__DATA UNDER STUDY__

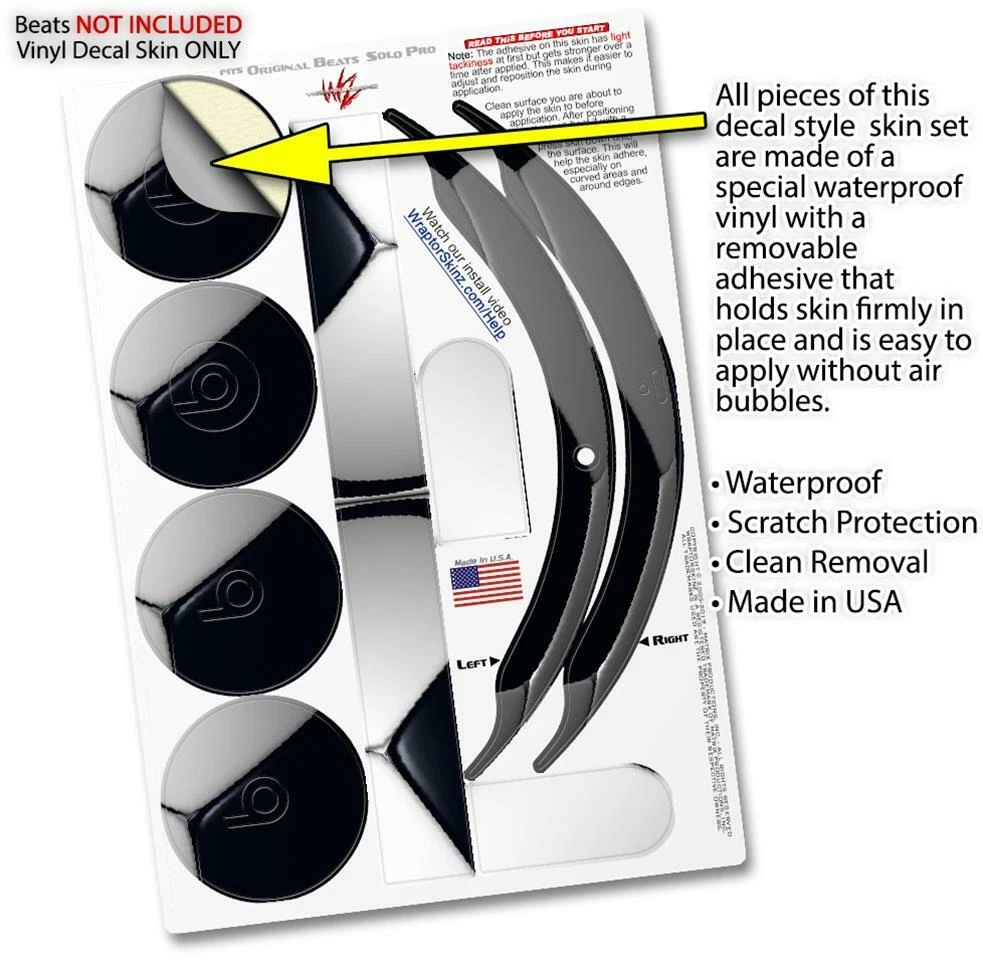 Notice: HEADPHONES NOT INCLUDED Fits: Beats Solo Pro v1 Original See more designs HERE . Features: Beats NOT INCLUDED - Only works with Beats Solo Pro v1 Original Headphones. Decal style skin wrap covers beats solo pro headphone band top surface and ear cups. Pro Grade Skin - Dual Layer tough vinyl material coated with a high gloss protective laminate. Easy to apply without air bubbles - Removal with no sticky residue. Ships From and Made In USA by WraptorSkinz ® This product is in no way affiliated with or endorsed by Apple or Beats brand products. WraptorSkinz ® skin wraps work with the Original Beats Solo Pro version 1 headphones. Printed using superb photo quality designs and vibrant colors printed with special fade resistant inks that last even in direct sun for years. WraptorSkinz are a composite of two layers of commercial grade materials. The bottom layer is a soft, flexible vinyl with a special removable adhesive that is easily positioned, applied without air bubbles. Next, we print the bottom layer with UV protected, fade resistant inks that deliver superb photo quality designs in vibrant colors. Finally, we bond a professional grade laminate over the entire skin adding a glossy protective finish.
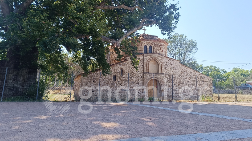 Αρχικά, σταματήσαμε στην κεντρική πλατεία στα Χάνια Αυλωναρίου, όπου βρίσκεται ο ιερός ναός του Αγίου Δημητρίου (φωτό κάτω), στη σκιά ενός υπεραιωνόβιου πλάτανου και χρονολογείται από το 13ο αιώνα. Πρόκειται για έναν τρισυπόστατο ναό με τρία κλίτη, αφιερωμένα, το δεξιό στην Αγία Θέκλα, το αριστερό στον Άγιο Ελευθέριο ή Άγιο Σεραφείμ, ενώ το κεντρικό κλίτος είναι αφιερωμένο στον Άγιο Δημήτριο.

...

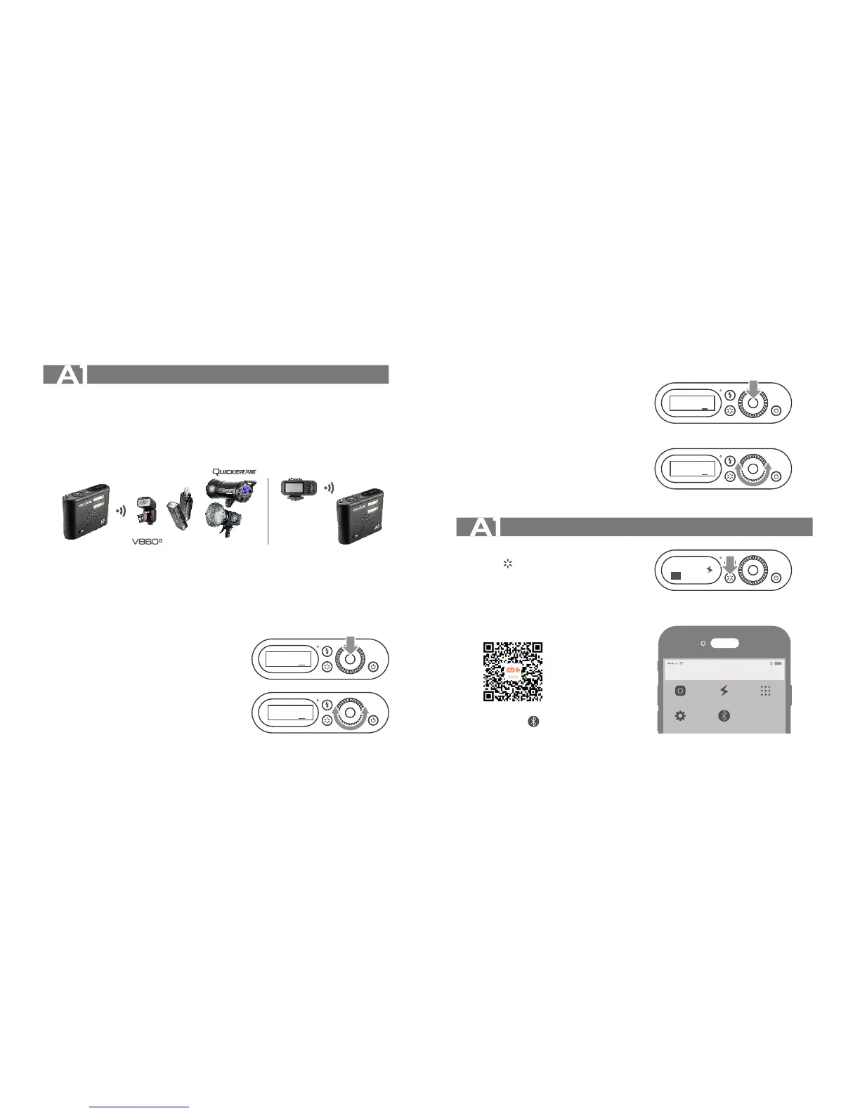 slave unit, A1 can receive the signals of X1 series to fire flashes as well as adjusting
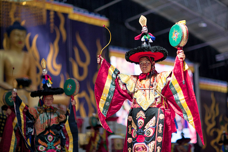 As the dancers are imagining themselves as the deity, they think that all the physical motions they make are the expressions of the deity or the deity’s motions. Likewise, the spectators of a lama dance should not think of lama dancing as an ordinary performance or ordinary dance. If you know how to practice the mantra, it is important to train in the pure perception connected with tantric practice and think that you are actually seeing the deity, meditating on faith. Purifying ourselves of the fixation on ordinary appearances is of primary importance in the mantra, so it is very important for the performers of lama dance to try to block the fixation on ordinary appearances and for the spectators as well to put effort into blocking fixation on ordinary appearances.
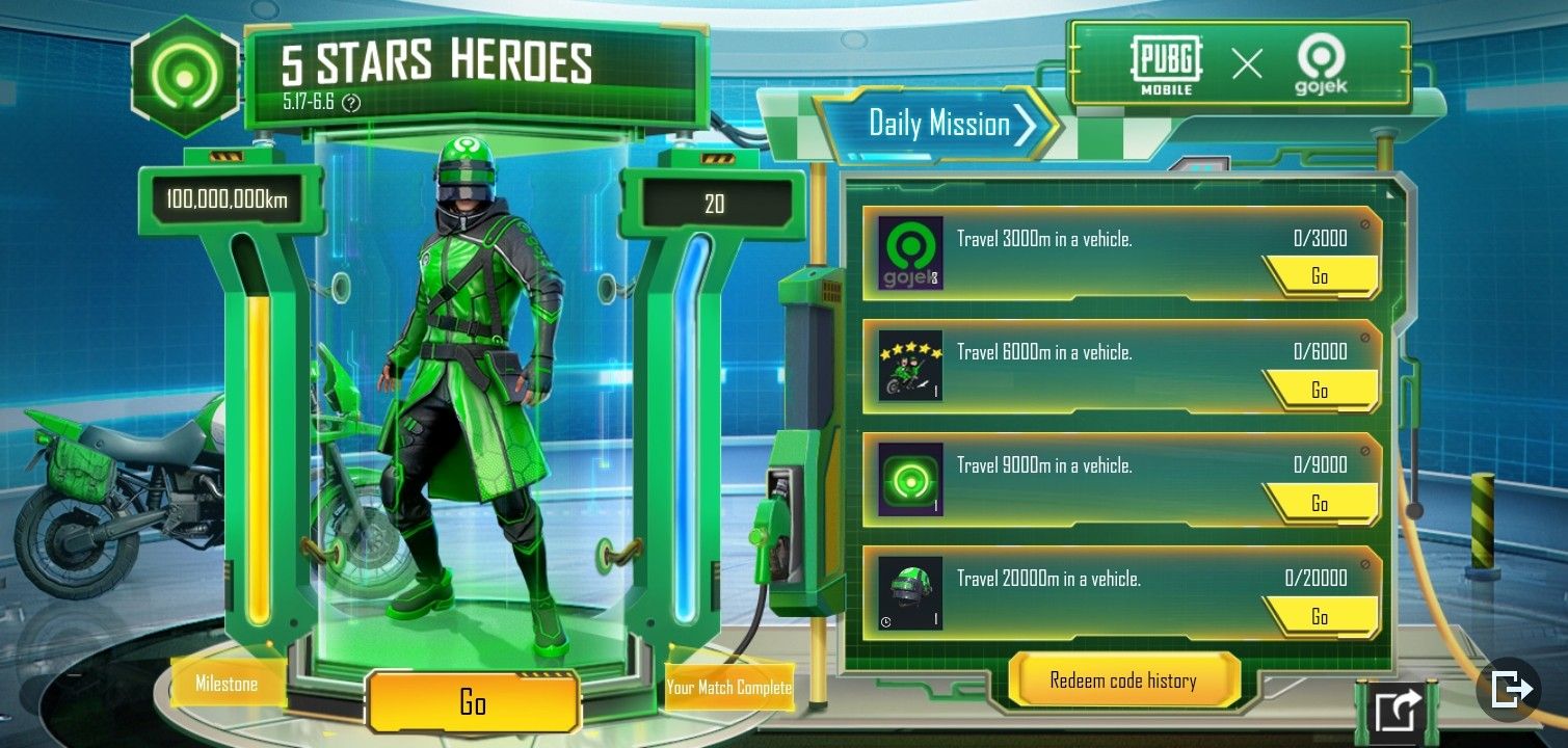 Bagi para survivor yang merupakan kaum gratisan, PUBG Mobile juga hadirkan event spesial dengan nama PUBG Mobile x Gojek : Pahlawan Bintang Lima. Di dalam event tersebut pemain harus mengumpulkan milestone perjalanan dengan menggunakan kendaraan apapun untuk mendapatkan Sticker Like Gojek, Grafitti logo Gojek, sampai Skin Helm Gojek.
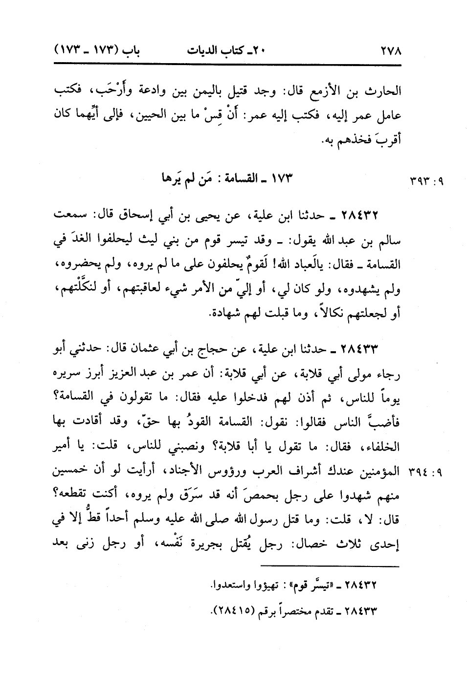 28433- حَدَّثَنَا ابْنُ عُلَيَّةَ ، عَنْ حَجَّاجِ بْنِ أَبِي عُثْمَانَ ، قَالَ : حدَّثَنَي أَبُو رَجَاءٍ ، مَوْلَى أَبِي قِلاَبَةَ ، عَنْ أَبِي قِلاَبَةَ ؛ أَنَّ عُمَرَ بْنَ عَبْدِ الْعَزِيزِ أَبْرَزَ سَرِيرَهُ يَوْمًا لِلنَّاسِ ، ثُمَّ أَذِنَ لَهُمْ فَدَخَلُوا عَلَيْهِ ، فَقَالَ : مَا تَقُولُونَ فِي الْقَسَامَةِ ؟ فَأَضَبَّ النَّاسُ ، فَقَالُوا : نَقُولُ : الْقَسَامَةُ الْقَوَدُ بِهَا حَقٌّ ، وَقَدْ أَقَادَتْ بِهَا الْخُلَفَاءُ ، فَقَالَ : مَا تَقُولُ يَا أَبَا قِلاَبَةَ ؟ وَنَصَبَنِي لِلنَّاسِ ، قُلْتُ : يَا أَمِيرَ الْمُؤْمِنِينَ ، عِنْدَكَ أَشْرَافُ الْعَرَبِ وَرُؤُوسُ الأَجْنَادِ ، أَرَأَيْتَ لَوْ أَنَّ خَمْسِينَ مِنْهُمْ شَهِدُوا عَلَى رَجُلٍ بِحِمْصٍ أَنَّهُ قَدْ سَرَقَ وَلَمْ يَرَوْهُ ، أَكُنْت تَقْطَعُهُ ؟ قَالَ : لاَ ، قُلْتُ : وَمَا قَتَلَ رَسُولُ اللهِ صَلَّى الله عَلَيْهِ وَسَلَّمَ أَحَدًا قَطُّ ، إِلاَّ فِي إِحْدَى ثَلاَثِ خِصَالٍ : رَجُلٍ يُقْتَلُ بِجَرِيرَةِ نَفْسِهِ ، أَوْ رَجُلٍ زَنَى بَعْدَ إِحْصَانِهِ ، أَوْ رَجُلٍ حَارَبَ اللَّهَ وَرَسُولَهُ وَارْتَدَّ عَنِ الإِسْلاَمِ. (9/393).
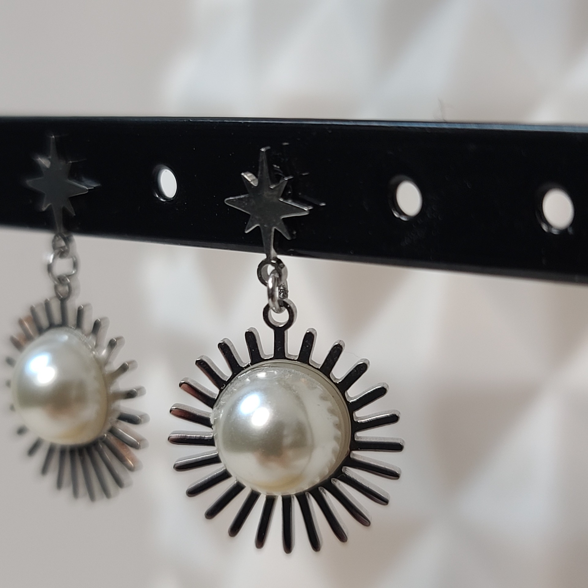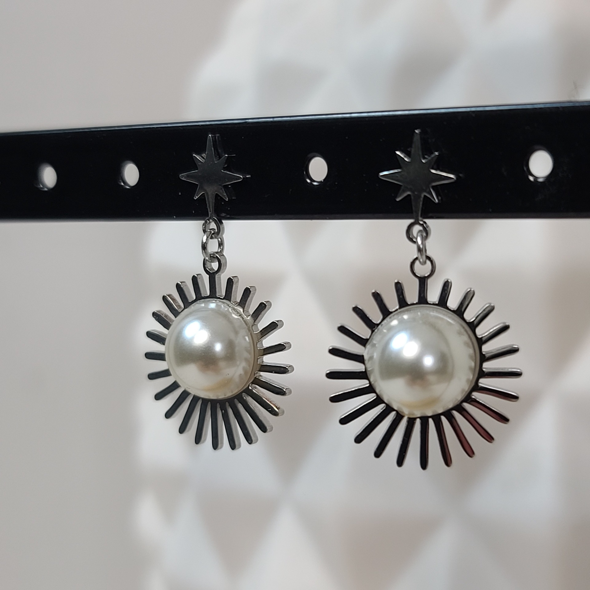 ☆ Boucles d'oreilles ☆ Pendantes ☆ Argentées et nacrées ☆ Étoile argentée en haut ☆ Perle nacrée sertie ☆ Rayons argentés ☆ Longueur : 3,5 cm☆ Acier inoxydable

...

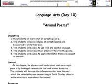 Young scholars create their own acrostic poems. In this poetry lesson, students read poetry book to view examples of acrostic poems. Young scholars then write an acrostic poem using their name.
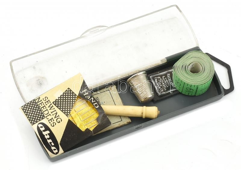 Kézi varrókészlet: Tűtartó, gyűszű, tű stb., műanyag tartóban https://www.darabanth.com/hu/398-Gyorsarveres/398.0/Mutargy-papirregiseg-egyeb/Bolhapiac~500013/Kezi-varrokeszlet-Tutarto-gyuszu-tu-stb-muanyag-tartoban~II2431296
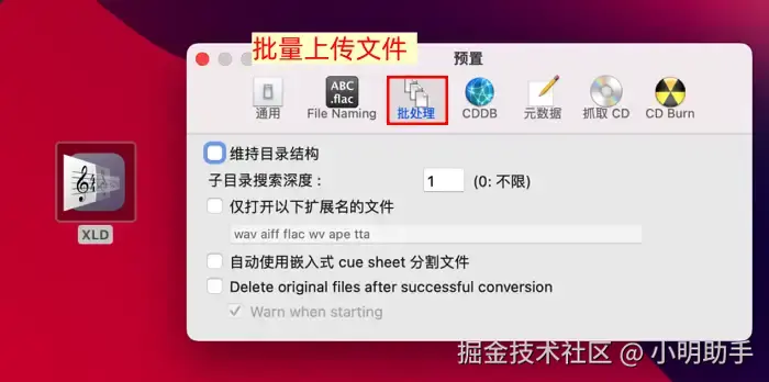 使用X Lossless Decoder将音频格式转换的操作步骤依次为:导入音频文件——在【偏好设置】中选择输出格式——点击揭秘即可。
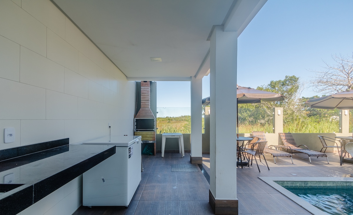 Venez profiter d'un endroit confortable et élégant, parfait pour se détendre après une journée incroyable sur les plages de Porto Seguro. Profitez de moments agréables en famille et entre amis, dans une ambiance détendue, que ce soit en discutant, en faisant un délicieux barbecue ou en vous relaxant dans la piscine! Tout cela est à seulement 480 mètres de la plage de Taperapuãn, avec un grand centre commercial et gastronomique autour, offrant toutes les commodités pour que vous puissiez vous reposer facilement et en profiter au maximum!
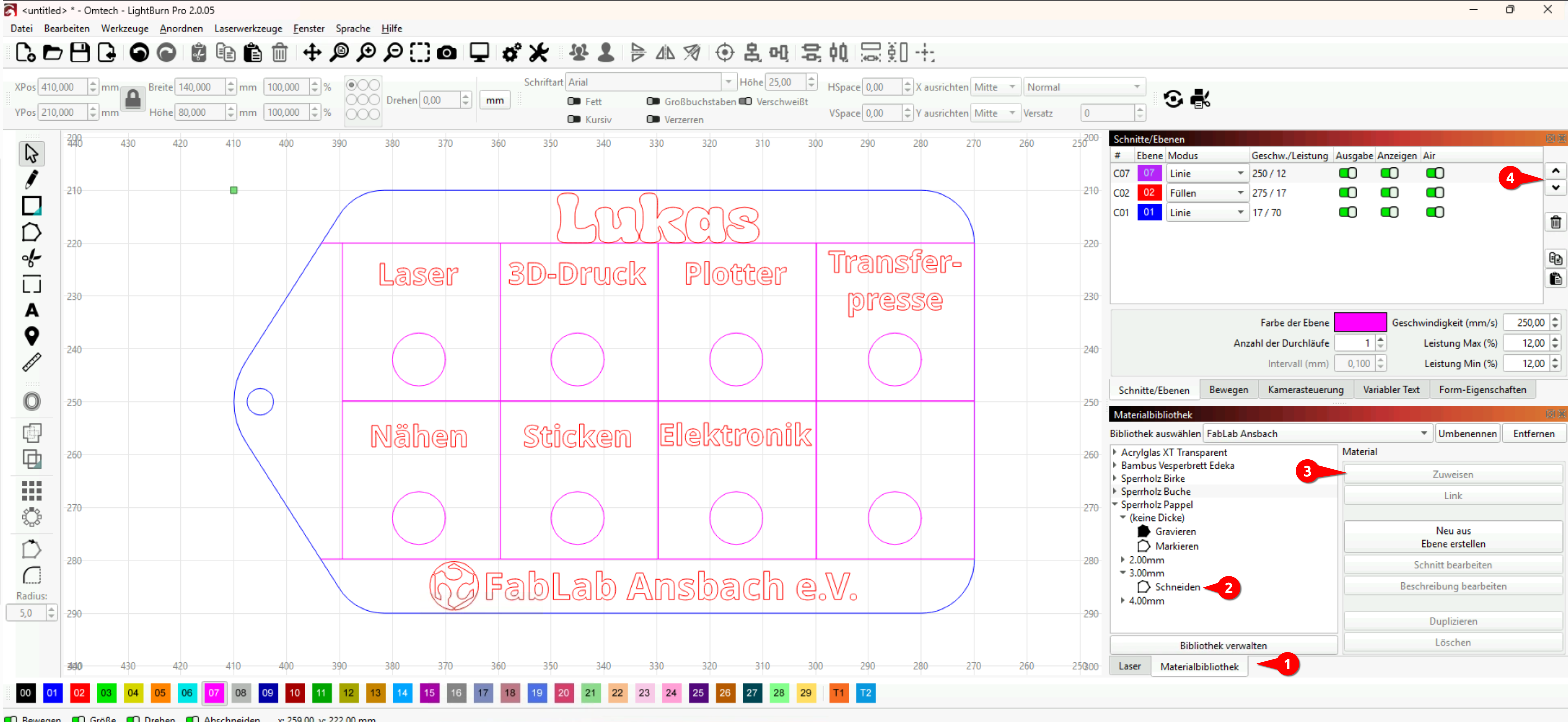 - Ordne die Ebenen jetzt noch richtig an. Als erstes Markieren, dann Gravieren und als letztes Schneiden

__TO DO__
The material above holds pictures; leave them out. Repeat exactly the lines from the one containing "Kézi varrókészlet: Tűtartó, gyűszű, tű" through the one containing "- Ordne die", and nothing else.

__REPLY TO THE TASK__
 Kézi varrókészlet: Tűtartó, gyűszű, tű stb., műanyag tartóban https://www.darabanth.com/hu/398-Gyorsarveres/398.0/Mutargy-papirregiseg-egyeb/Bolhapiac~500013/Kezi-varrokeszlet-Tutarto-gyuszu-tu-stb-muanyag-tartoban~II2431296
 使用X Lossless Decoder将音频格式转换的操作步骤依次为:导入音频文件——在【偏好设置】中选择输出格式——点击揭秘即可。
 Venez profiter d'un endroit confortable et élégant, parfait pour se détendre après une journée incroyable sur les plages de Porto Seguro. Profitez de moments agréables en famille et entre amis, dans une ambiance détendue, que ce soit en discutant, en faisant un délicieux barbecue ou en vous relaxant dans la piscine! Tout cela est à seulement 480 mètres de la plage de Taperapuãn, avec un grand centre commercial et gastronomique autour, offrant toutes les commodités pour que vous puissiez vous reposer facilement et en profiter au maximum!
 - Ordne die Ebenen jetzt noch richtig an. Als erstes Markieren, dann Gravieren und als letztes Schneiden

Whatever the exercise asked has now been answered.